Unicode support
Ashley Yakeley
ashley@semantic.org
Tue, 9 Oct 2001 04:07:43 -0700
At 2001-10-09 03:37, Kent Karlsson wrote:
>> > code position (=code point): a value between 0000 and 10FFFF.
>>
>> Would this be a reasonable basis for Haskell's 'Char' type?
>
>Yes. It's essentially UTF-32, but without the fixation to 32-bit
>(21 bits suffice). UTF-32 (a.k.a. UCS-4 in 10646, yet to be limited
>to 10FFFF instead of 31(!) bits) is the datatype used in some
>implementations of C for wchar_t. As I said in another e-mail,
>if one does not have high efficiency concerns, UTF-32 is a rather
>straighforward way of representing characters.
Would it be worthwhile restricting Char to the 0-10FFFF range, just as a
Word8 is restricted to 0-FF even though in GHC at least it's stored
32-bit?
...
>> data GeneralCategory = Letter_Uppercase | Letter_Lowercase | ...

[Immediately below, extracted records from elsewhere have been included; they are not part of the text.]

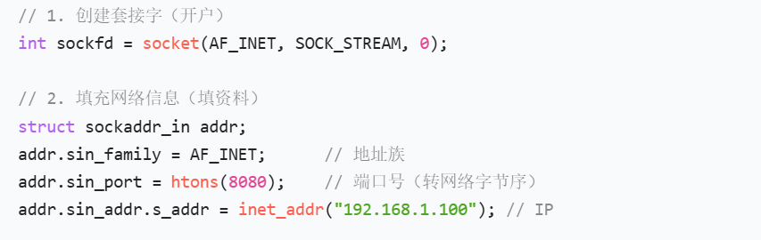 调用 socket() 系统调用后,内核为我们创建了一个通信端点,并返回了一个文件描述符 fd。此时,我们手里只有一个 "空的账户"(fd),还不知道要连接哪台主机、用哪个端口。接下来的关键步骤,就是填充通信信息。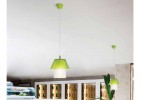 Suspension lamp in acrylic material. Available in colours; transparent, green. red, blue and smoked. Chromed metal fitting elements.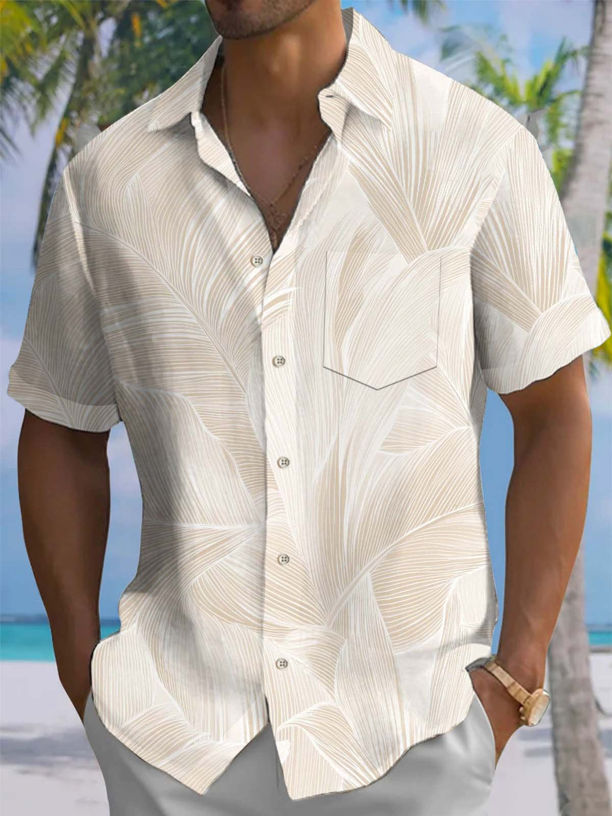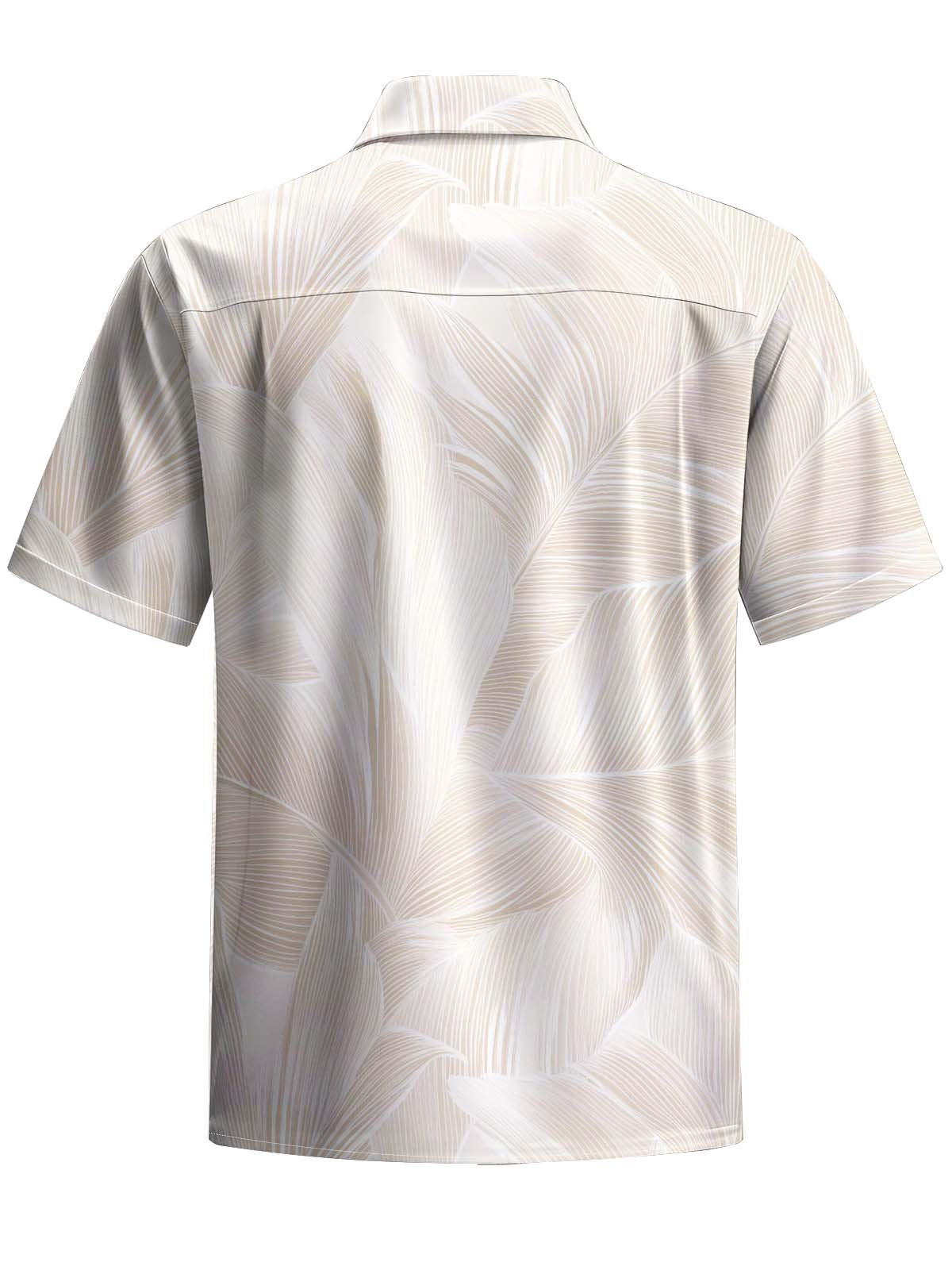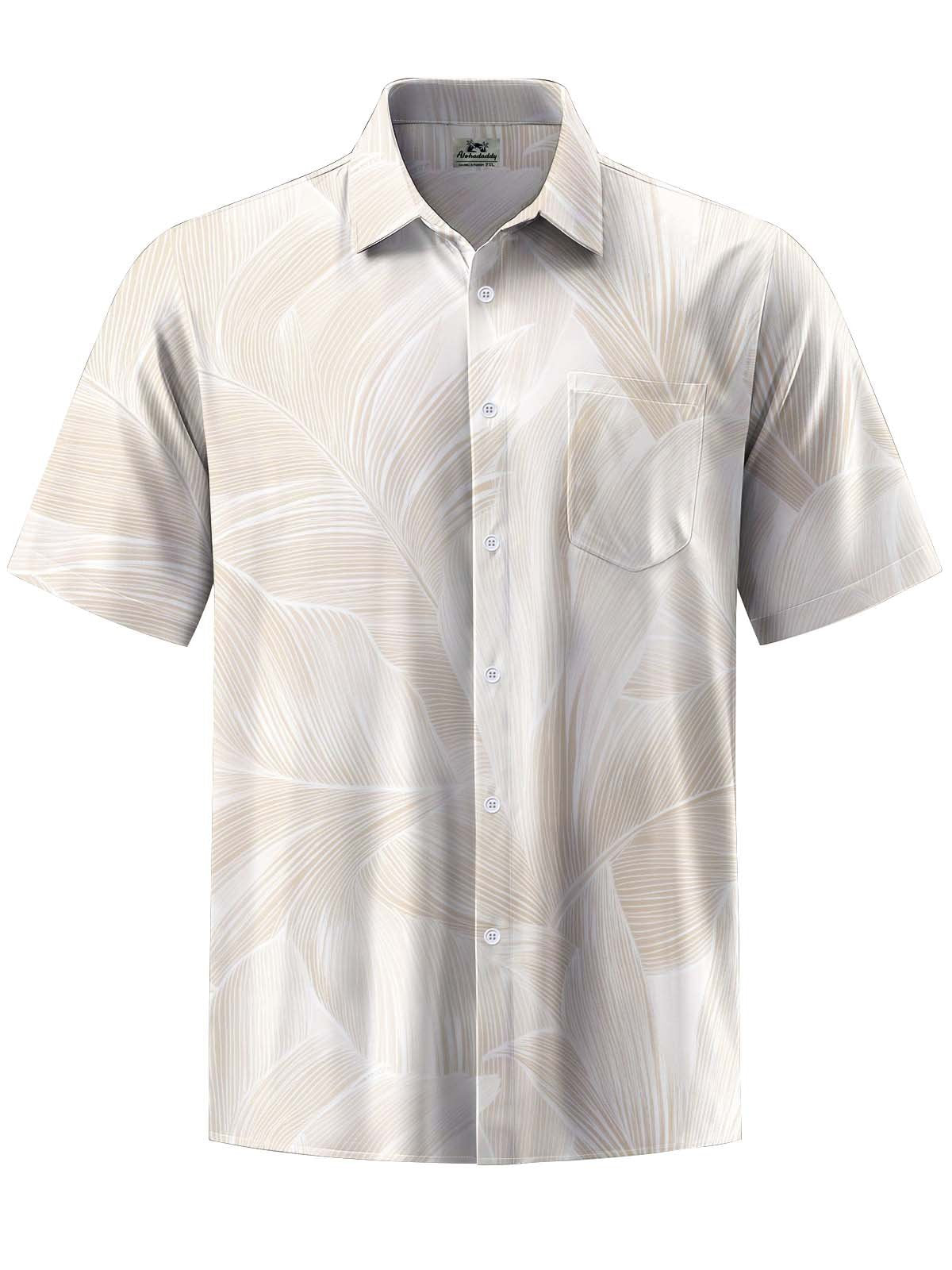 Alohadaddy® Men's Casual Leaf Art Print Chest Pocket Stretch Short Sleeve Shirt Big & Tall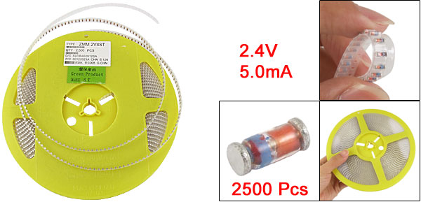 Max. Impedance 85Ω Voltage Range 2.28-2.56V Material Electric Parts Quantity 2500±2% Pcs Solder Parts Thickness 0.5mm/ 0.019" Overall Size(Each) 3.7 x 1.6mm / 0.145" x 0.063"(L*D) Reel Size 179 x 15mm / 7" x 0.6" (D*T) Color As Picture Shown Weight 142g Package Content 2500 x Zener Diodes - Reviews

>> getGeneralCategory :: Char -> Maybe GeneralCategory;
>
>There is not really any "Maybe" just there. Yet unallocated code
>positions have general category Cn (so do non-characters):
> Cs Other, Surrogate
> Co Other, Private Use
> Cn Other, Not Assigned (yet)
OK. It occured to me to put 'unassigned' as Nothing, since it might
change -- so in a sense getGeneralCategory doesn't know what the GC is. I
assume once a codepoint has a non-Cn GC, it cannot be changed. But
confusingly, some of the GCs are 'normative', whereas others are merely
'informative' -- perhaps these last are subject to revision.
--
Ashley Yakeley, Seattle WA